**Task statement:** Working from the entries below, count every line that includes the word "Abdruck". Return the figure alone.

**Records for this exercise:**
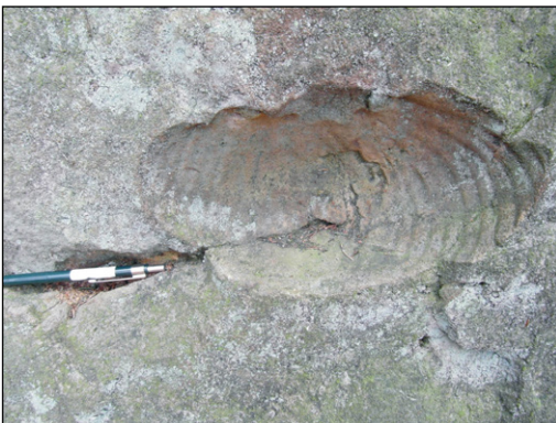
Abb. 2: Abdruck von Prodichotomites sp. im Steinbruch an der Waldkapelle.

Wahrscheinlich handelt es sich um einen Steinbruch, der von den umliegenden Bauernhöfen privat zur Gewinnung von Bruchsteinen betrieben wurde. Selten sind Relikte dreieckiger Bohrlöcher mit einem Durchmesser von ca. 5 cm erhalten. In der Hauptwand findet sich der Abdruck eines großen Ammo-
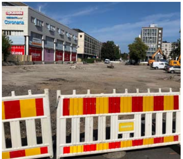
Kielotien ja Asematien risteysalueen ennallistaminen?

Sen verran kuitenkin sanon vielä; sä oot täällä keskustassa liikkueksa nähnyt näitä uusia mylläysiäkin, mutta mulle oli kyllä melkoinen yllätys, kun tulin syyskuun puolella käymään terveysasemalle ja kävelin Prisman parkkikselta Unikkotietä; Kielotien ja Asematien risteys oli kerätty pois! Ei kai ollut kysymys ennallistamishankkeesta, joita mm. Itä-Suomen soilla tehdään. Kieltämättä paikalla oli aiemmin viljavaa savipeltoa... (raitiotien rakentaminen)
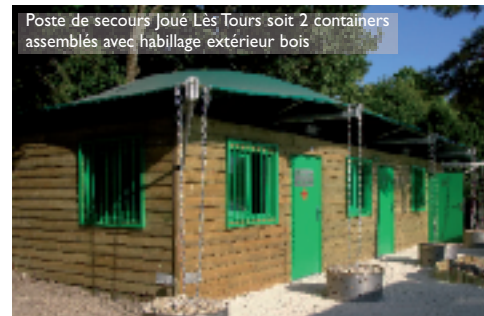
Poste de secours Joué Lès Tours soit 2 containers assemblés avec habillage extérieur bois

Imaginez un logement à la fois écologique, économique et atypique... Avec ses containers aménagés, SIRC donne une seconde chance aux containers maritimes en les transformant en lieux de vie, sanitaires publics, bureaux, logements, cuisine, guinguette,
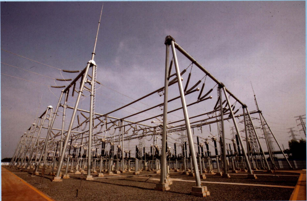
2010年8月31日，长流220千伏输变电工程投入运行
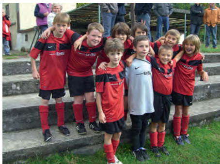
Unsere E2 nach dem 11:2 gegen JVF Stutensee

Turn- und Sportverein 1880 Weingarten e. V.
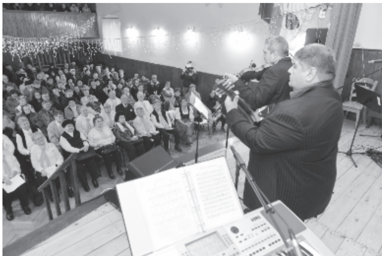
Hegedül a polgármester az időseknek

Marosszentgyörgy Románia kulturális településéhez illő módon készül Jézus születésének ünnepére. A múlt héten a több száz gyereket magába foglaló Kis Táltos magyar néptáncsoportnak érkezett meg az angyal, akik székely ruhába öltözve várták. A hátrányos helyzetű családok számára is találkozót szerveztek hétfőn, a kultúrotthonban, ahol bemutatták a 3 évre szóló szociális pályázatot is. A helyi óvodák csoportjai is szebbnél szebb karácsonyi műsorokat mutattak be. Ugyanaznap a helyi
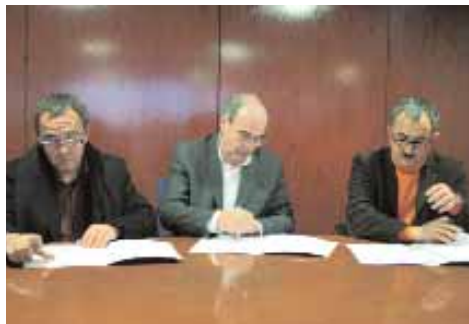
Els secretaris generals de CCOO i UGT signen l'acord amb el president de l'ACM

El fons tindrà una aportació corresponent al 0,5% de la massa salarial dels
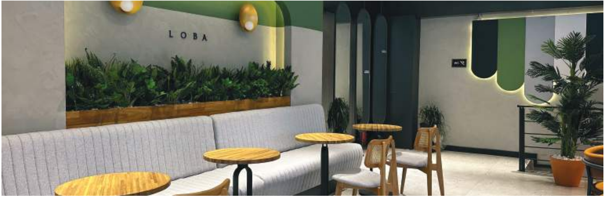
Eti Caddesi, Eskişehir, 2023
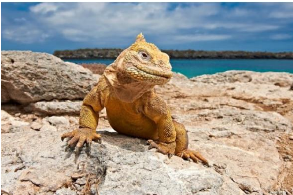
Figura 6.2 Iguana terrestre.
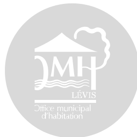
Office municipal d'habitation de Lévis
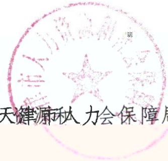
天津市人力资源和社会保障局
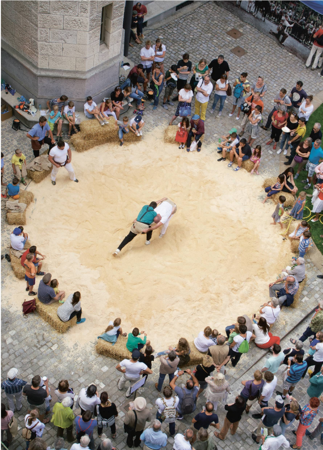
Les démonstrations de lutte suisse dans la cour intérieure ont connu un grand succès.
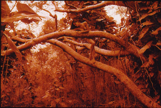
Dríada 66 X 41 1/2
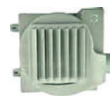
Опция: блок притока свежего воздуха O 2 Fresh (Кроме моделей 18K)
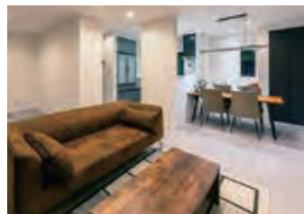
充実の収納スペースと畳コーナー完備の安心子育て設計
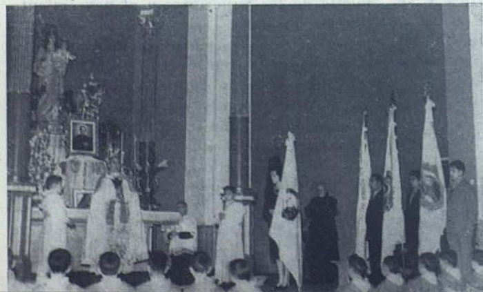
ZAMORA.—Bendición de la bandera de los Cooperadores Salesianos.

El Presidente de la Diputación y el Director del Colegio-Hogar «Calvo Sotelo» recibieron, a la entrada, a las autoridades e invitados, que pasaron, en primer lugar, a la capilla, donde oraron breves instantes.
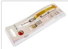
Destornillador de precisión BK-7275 con 5 puntas intercambiables

Para este manual necesitarás las siguientes herramientas y componentes que puedes adquirir en nuestra tienda on-line Impextrom.com Haz click encima de una herramienta para ir a la página web.
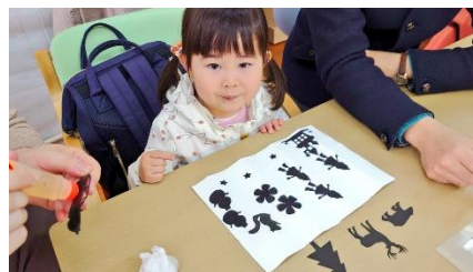
F. 上手にできたかな?
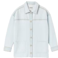
SFPCA00806 E23GWENDY 275€ / 185€ €309 / £208
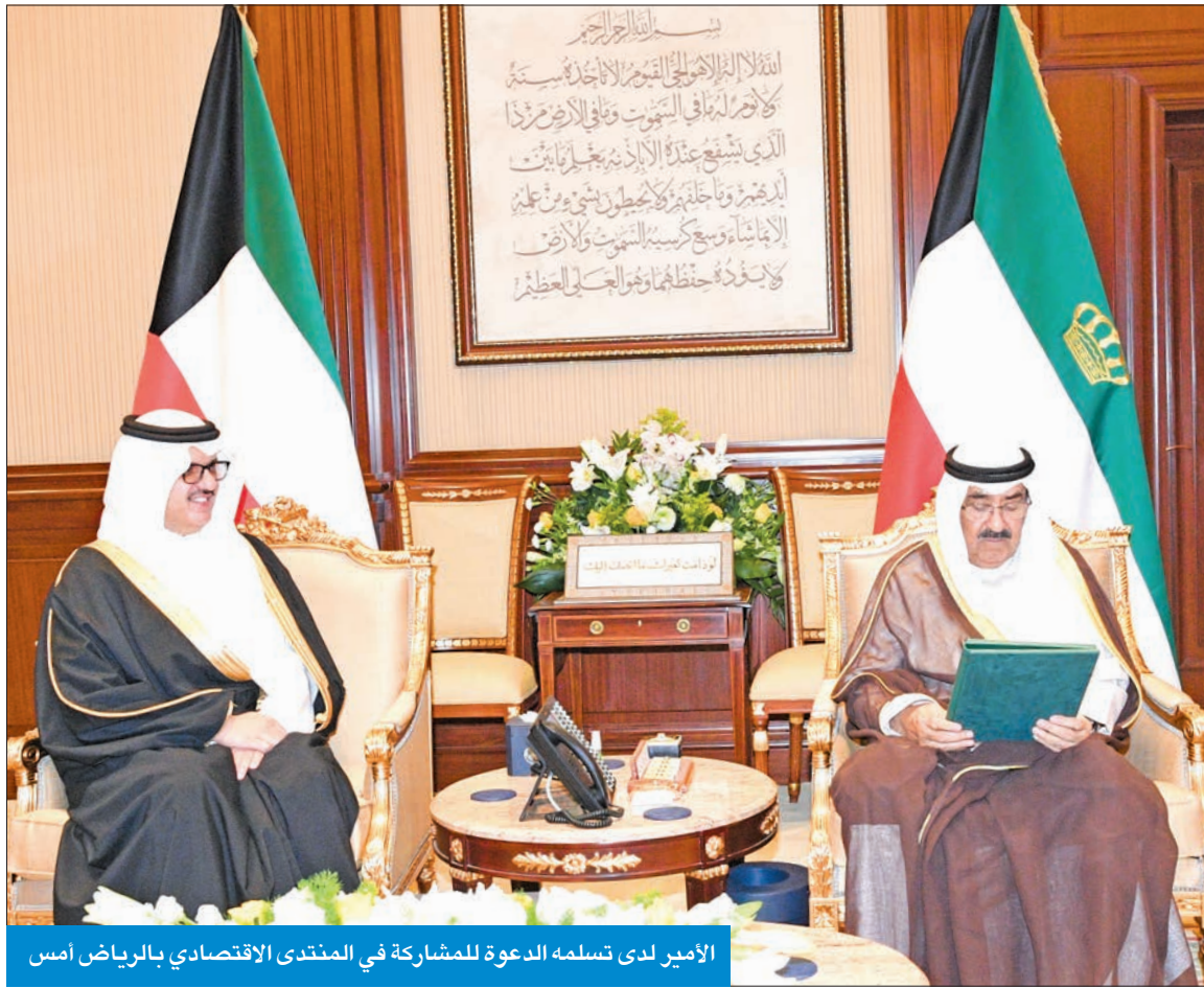
الأمير لدى تسلمه الدعوة للمشاركة في المنتدى الاقتصادي بالرياض أمس
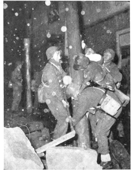
Die größte Luftschutzübung seit Kriegsende. In St. Gallen fand eine kombinierte Zivilschutzübung statt, an der 800 Angehörige der Armee und über 1300 Zivilpersonen teilnahmen.

Weil mit dem Hauptverlesen auch die Tagesarbeit abgeschlossen wird, mag ein kurzer Ausblick auf Kommendes die notwendige geistige Einstellung schaffen, die zum Gelingen Voraussetzung ist. Nur das darf dieser Ausblick sein und nie Rechtfertigung von oder quasi Entschuldigung für kommende Strapazen. Das Hauptverlesen ist nicht der Ort für lange Ausführ-
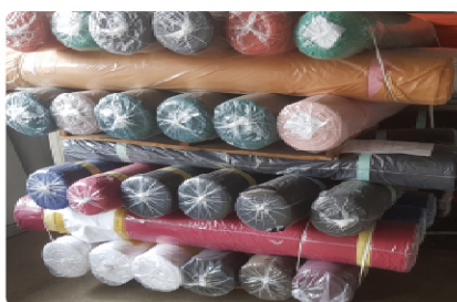
( Бэлэн бүтээгдэхүүн )
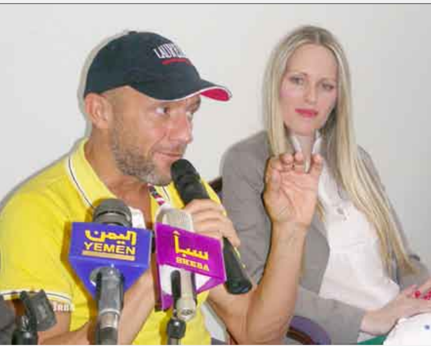
الرحالة الإيطالي وزوجته في المؤتمر الصحفي

اليمني كافة خاصة وأنه قد تعرض قبل سفره إلى اليمن لعدد من النصائح لإثباته عن الذهاب إلى اليمن بسبب سوء الفهم لدى العالم الغربي عن الوطن العربي ولكن هذا لم يثنه عن زيارة الأراضي المقدسة في القدس وقطع صحراء سيناء عابراً حدود عدد من الدول. وقال لقد سمعت عن اليمن الكثير وأردت الاطلاع عليها عن قرب لمعرفة حقائق ما يروج له الإعلام الغربي من سوءة سيناء لليمن فاليمن بلد جميل ليس بما تحوي من بنى سياحية فقط وإنما بأخلاق وقيم سكانها الطيبين وهو ما جعلني أكثر تعلقاً بهذا البلد المحب للحب والسلام.
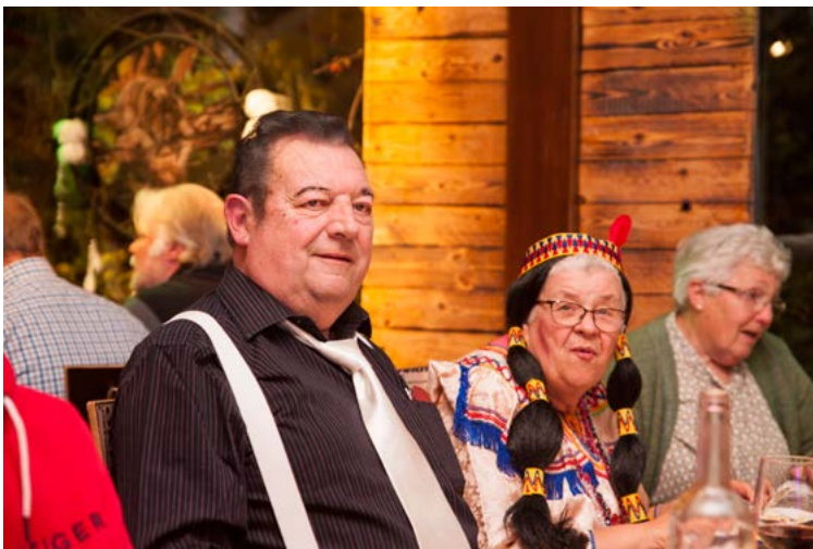
Zo zit de laatste rit van het jaar er op. Wij kijken alvast uit naar volgend jaar en er werd ons beloofd dat we met Halloween met de trein meerijden in Goes....meer moet ik niet schrijven zeker.
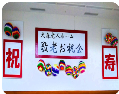
集会室・会場の飾り付け
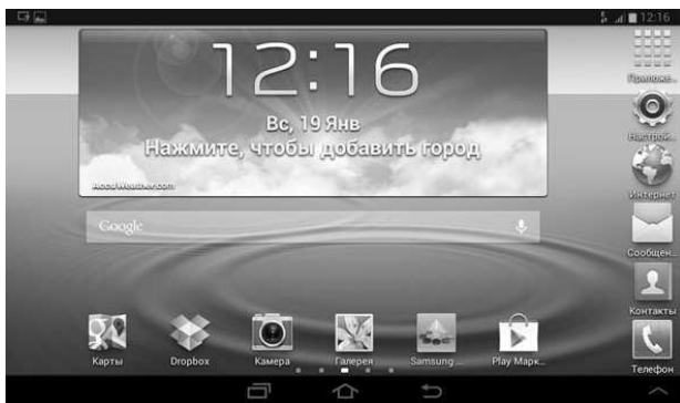
Рис. 1.6. Главный экран Android 4.1 Jelly Bean

Jelly Bean — такое название получила версия Android 4.1 (рис. 1.6), которая была выпущена 27 июня 2012 г.

**Written answer:** 2